- TASK OBJECTIVE -
Return nothing but the lines from the one with "As cadeiras são" through the one with "Overall, with excellent" in the data below, word for word and without pictures.

- SOURCE MATERIAL -
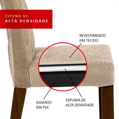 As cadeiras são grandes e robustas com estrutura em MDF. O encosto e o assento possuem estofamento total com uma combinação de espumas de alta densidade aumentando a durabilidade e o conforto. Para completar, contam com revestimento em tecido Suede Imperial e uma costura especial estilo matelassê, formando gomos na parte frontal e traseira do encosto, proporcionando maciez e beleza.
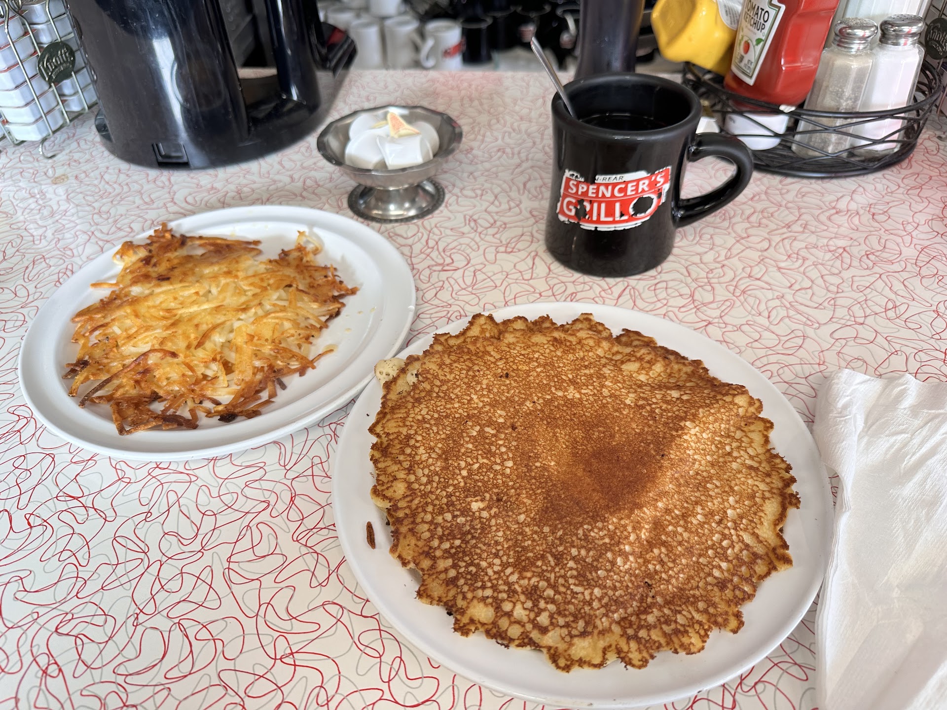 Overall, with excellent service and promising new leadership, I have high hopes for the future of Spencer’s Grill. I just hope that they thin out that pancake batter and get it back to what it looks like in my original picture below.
* * *
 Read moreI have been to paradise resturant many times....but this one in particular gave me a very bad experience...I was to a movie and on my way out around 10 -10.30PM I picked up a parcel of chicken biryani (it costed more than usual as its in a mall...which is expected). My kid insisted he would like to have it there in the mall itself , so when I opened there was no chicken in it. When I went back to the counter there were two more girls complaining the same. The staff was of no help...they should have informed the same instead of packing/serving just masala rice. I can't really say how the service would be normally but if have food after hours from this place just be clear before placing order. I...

- WRITTEN ANSWER -
 As cadeiras são grandes e robustas com estrutura em MDF. O encosto e o assento possuem estofamento total com uma combinação de espumas de alta densidade aumentando a durabilidade e o conforto. Para completar, contam com revestimento em tecido Suede Imperial e uma costura especial estilo matelassê, formando gomos na parte frontal e traseira do encosto, proporcionando maciez e beleza.
 Overall, with excellent service and promising new leadership, I have high hopes for the future of Spencer’s Grill. I just hope that they thin out that pancake batter and get it back to what it looks like in my original picture below.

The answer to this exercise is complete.